WORK ORDER:
All pictures must be left out as you transcribe the lines from the first line of the data to the line containing "Felnőtt 16. forduló", both included.

DATA SEGMENT:
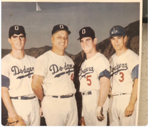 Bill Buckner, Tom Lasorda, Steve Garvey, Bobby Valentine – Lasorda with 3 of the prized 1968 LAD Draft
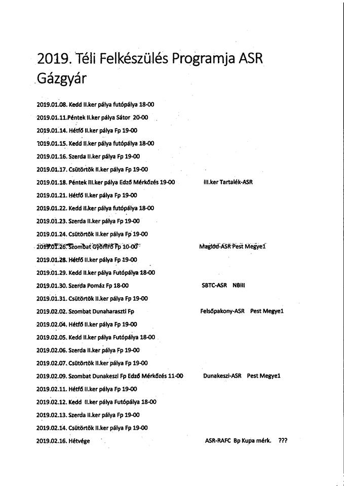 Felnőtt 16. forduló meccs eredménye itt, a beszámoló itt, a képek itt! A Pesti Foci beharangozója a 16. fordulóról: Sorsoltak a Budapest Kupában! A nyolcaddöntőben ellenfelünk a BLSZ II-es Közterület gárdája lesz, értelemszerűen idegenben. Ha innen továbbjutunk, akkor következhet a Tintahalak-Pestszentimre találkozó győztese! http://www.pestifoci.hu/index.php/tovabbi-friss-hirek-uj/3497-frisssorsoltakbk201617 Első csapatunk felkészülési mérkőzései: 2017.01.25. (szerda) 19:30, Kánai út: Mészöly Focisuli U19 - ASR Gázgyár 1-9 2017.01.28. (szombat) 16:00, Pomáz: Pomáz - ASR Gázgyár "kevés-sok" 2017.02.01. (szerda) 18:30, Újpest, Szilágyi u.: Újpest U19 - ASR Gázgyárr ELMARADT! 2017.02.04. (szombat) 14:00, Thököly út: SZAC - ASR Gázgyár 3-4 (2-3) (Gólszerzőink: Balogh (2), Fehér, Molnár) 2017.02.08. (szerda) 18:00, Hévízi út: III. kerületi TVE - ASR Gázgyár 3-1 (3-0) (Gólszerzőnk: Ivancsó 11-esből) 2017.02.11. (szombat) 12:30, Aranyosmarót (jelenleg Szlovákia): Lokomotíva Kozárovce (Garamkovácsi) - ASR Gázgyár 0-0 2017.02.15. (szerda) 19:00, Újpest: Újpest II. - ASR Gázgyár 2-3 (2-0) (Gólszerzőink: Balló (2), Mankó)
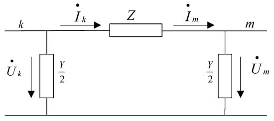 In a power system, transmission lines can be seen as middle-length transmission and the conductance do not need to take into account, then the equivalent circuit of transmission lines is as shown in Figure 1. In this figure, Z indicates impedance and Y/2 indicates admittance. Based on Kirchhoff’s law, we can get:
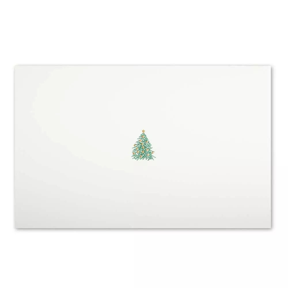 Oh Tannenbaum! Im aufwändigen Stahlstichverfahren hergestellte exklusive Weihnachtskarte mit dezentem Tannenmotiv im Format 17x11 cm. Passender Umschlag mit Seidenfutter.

ANSWER SPACE:
 Bill Buckner, Tom Lasorda, Steve Garvey, Bobby Valentine – Lasorda with 3 of the prized 1968 LAD Draft
 Felnőtt 16. forduló meccs eredménye itt, a beszámoló itt, a képek itt! A Pesti Foci beharangozója a 16. fordulóról: Sorsoltak a Budapest Kupában! A nyolcaddöntőben ellenfelünk a BLSZ II-es Közterület gárdája lesz, értelemszerűen idegenben. Ha innen továbbjutunk, akkor következhet a Tintahalak-Pestszentimre találkozó győztese! http://www.pestifoci.hu/index.php/tovabbi-friss-hirek-uj/3497-frisssorsoltakbk201617 Első csapatunk felkészülési mérkőzései: 2017.01.25. (szerda) 19:30, Kánai út: Mészöly Focisuli U19 - ASR Gázgyár 1-9 2017.01.28. (szombat) 16:00, Pomáz: Pomáz - ASR Gázgyár "kevés-sok" 2017.02.01. (szerda) 18:30, Újpest, Szilágyi u.: Újpest U19 - ASR Gázgyárr ELMARADT! 2017.02.04. (szombat) 14:00, Thököly út: SZAC - ASR Gázgyár 3-4 (2-3) (Gólszerzőink: Balogh (2), Fehér, Molnár) 2017.02.08. (szerda) 18:00, Hévízi út: III. kerületi TVE - ASR Gázgyár 3-1 (3-0) (Gólszerzőnk: Ivancsó 11-esből) 2017.02.11. (szombat) 12:30, Aranyosmarót (jelenleg Szlovákia): Lokomotíva Kozárovce (Garamkovácsi) - ASR Gázgyár 0-0 2017.02.15. (szerda) 19:00, Újpest: Újpest II. - ASR Gázgyár 2-3 (2-0) (Gólszerzőink: Balló (2), Mankó)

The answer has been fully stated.